Panel at the Pacific Ancient and Modern Language Association (PAMLA) Conference Las Vegas: “City of God, City of Destruction”

Presiding Officer: John Schwetman (University of Minnesota - Duluth) 

Urban environments pose particular challenges to the work of the poet, dramatist or prose-narrator. This panel focuses on literature of the American city and, in particular, on those literary moments when architectures, streetscapes, and neighborhood cultures draw attention to themselves.


In his 1856 poem “Crossing Brooklyn Ferry,” Walt Whitman observes that he is, like the reader, “one of a crowd,” and he does so in a poem that offers readers evocatively urban scenes of factories, shipping, and city-dwellers. As Whitman meditates on the aesthetic experience of rubbing elbows with complete strangers, his poem reminds readers that urban life is a worthy subject of literary representation, as worthy as life in the more pastoral settings of traditional poetry.

Situated in New York’s East River, Whitman likewise offers readers a distinctly American take on urban life.
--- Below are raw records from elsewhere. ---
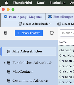 Zusätzlich habe ich ein einziges weiteres Adressbuch in TB eingerichtet: das Adressbuch, welches ich in meinem Betriebssystem global verwende. Es wird automatisch synchronisiert.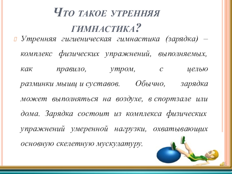 Утренняя гигиеническая гимнастика (зарядка) –комплекс физических упражнений, выполняемых, как правило, утром, с целью разминки мышц и суставов. Обычно, зарядка может выполняться на воздухе, в спортзале или дома. Зарядка состоит из комплекса физических упражнений умеренной нагрузки, охватывающих основную скелетную мускулатуру.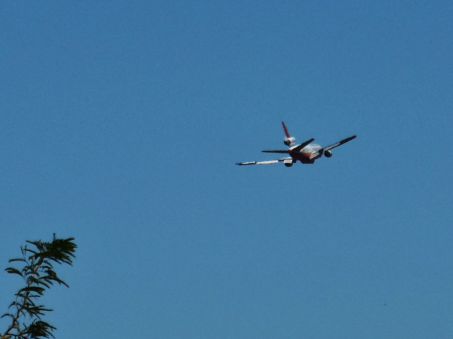 @LosDosSloFolks That’s the plane that flew low over our house a few hours ago. Orange and white, DC 10? Wonder where they go to pick up water?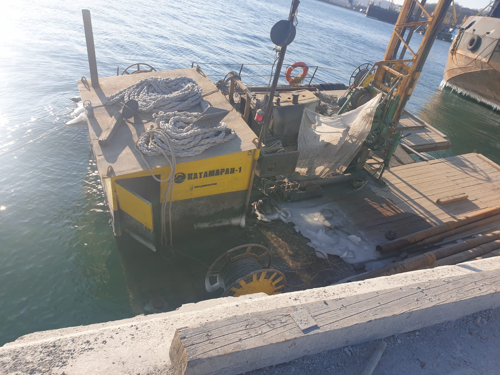 По предварительным данным, во время ремонтных работ на «Катамаран-1» (размеры катамарана 9,5м х 10,4м) из-за повреждения понтона кормовая часть ушла под воду. При этом не было зафиксировано никаких загрязнений окружающей среды, и угрозы для судоходства не предвиделось. На борту находился только один член экипажа.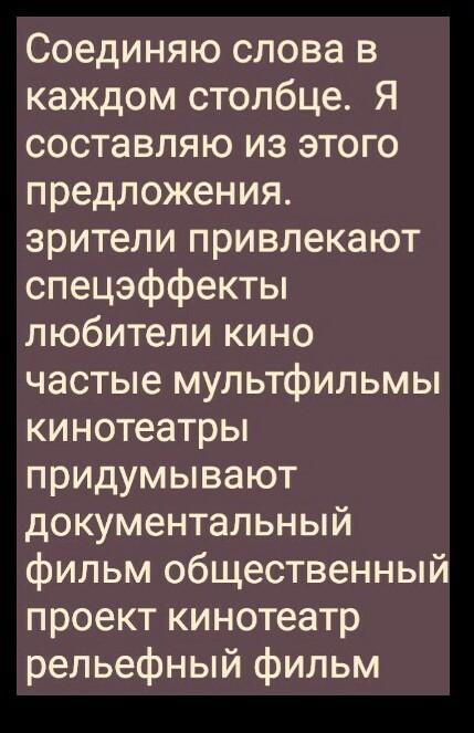 Соединяю слова в каждом столбце. Я составляю из этого предложения. зрители привлекать спецэффекты любители кино знакомства мультфильмы кинотеатры изобрести документальный фильм публика проектировать кино рельефный фильм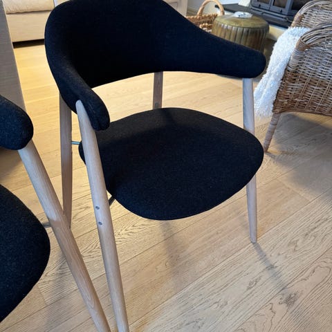 Selger tre Bolia Sleek stoler i oljet eik. Stolene er kjøpt nye januar 2021 og selges nå på grunn av flytting. Stolene er veldig pent brukt, eneste bruksmerker er noen små naturlige sprekker i det treverket på setet, se bilder.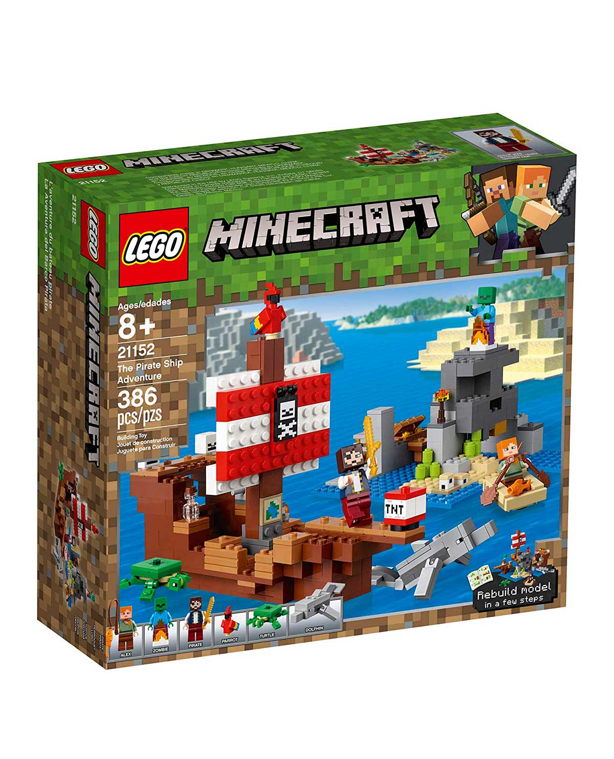 ¡Construye un barco pirata con detalles dorados, bandera pirata, pasarela, cañones y un simpático loro! El set LEGO Minecraft La Aventura del Barco Pirata incluye una gran variedad de detalles y personajes, como una minifigura con piel de pirata, un delfín y una tortuga con 2 huevos. Coloca al zombi en la base especial para activar el efecto de zombi Minecraft en llamas y ahuyenta a las criaturas hostiles con los lanzamisiles del barco. Construye divertidas aventuras de piratas al estilo Minecraft con este set LEGO Minecraft. ¡Intercambia fácilmente las secciones modulares del barco para construir una base tropical para piratas o combínalo con otros sets para crear un universo LEGO Minecraft a tu medida! Incluye también una minifigura de Alex.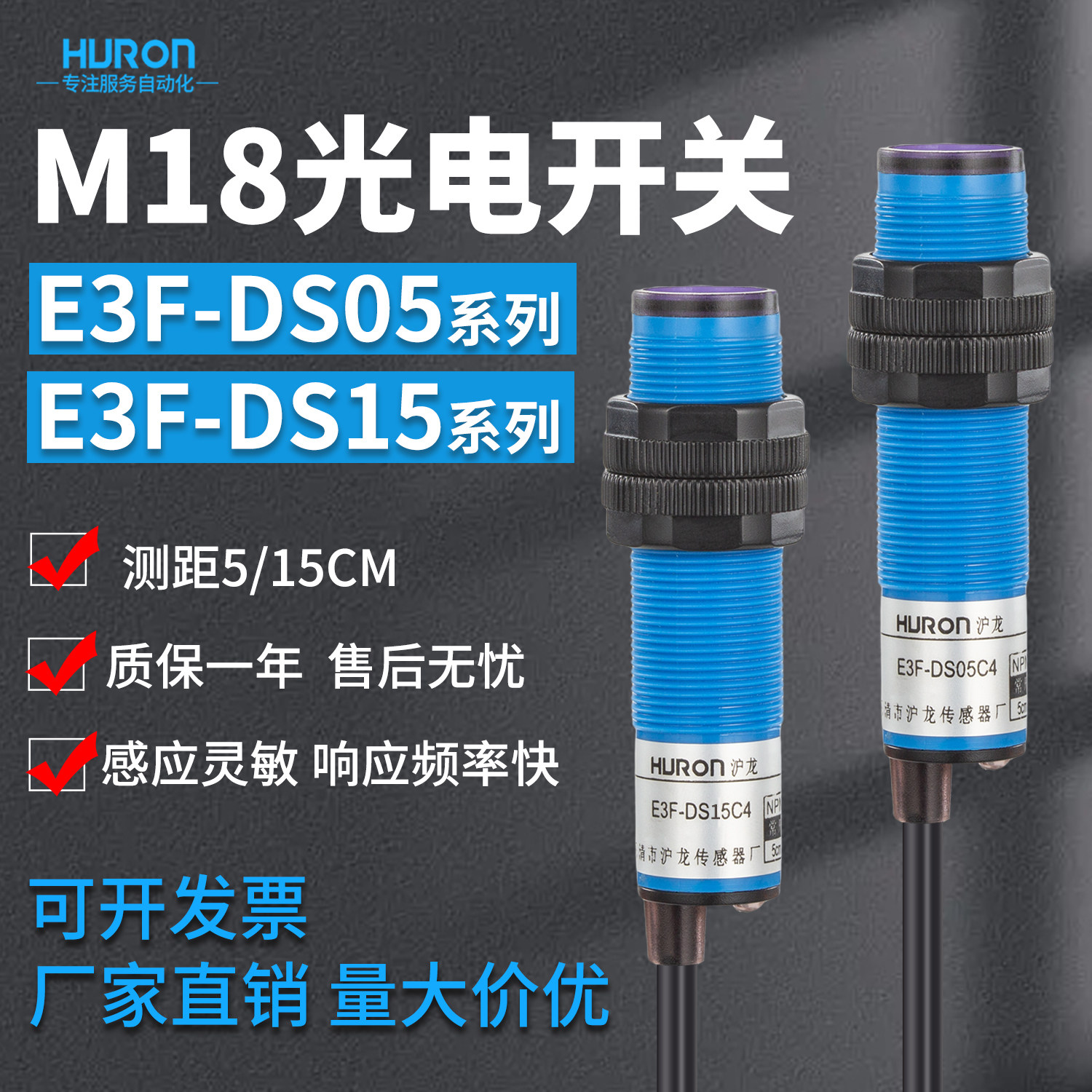 沪龙漫反射光电开关e3f-ds05/15c4红外感应npn常开闭pnp光电开关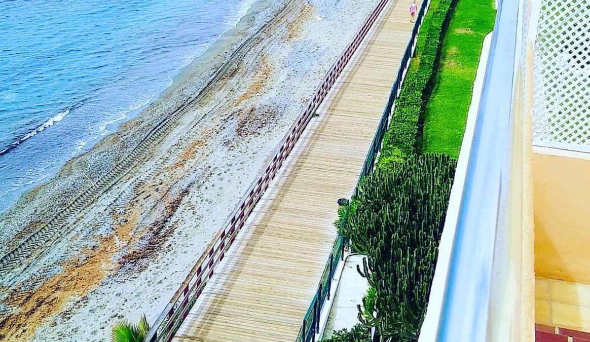 Se vende atractivo estudio en planta media de aproximadamente 40 m², completamente renovado y amueblado, ubicado en primera línea de playa en la exclusiva y tranquila zona de El Pirata, Estepona, a escasos pasos del mar y con acceso directo al paseo marítimo.

While the model for American cities was arguably European, American urban-development, dependent on immigrant communities from around the world and always sensitive to the vast reaches of less urban locales further west, established itself as a geographically and culturally distinct mode of communal concentration. Building on Whitman’s insights and its potential to disrupt established literary precedents, this panel examines those moments in U. S. literature when readers must acknowledge the urban setting and the unique language of community that cities invoke in the stories we tell about them.
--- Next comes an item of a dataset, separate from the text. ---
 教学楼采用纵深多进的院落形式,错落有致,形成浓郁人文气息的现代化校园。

Aligning itself with this year’s PAMLA conference theme—City of God, City of Destruction—this panel seeks a generically, historically, and culturally diverse array of presentations on the city in U. S. literature addressing but not limited to:

  • The cultures of urban ethnic enclaves.
  • Urban mobility in literature.
  • The city as viewed from outside in surrounding rural areas.
  • Architectures of urban life, production and consumption.
  • American cities in the larger international or comparative context.
  • The urban/suburban divide in literature.
  • Community-formation and the commingling of strangers.
  • The rhetoric of urban dysfunction and crisis in literature.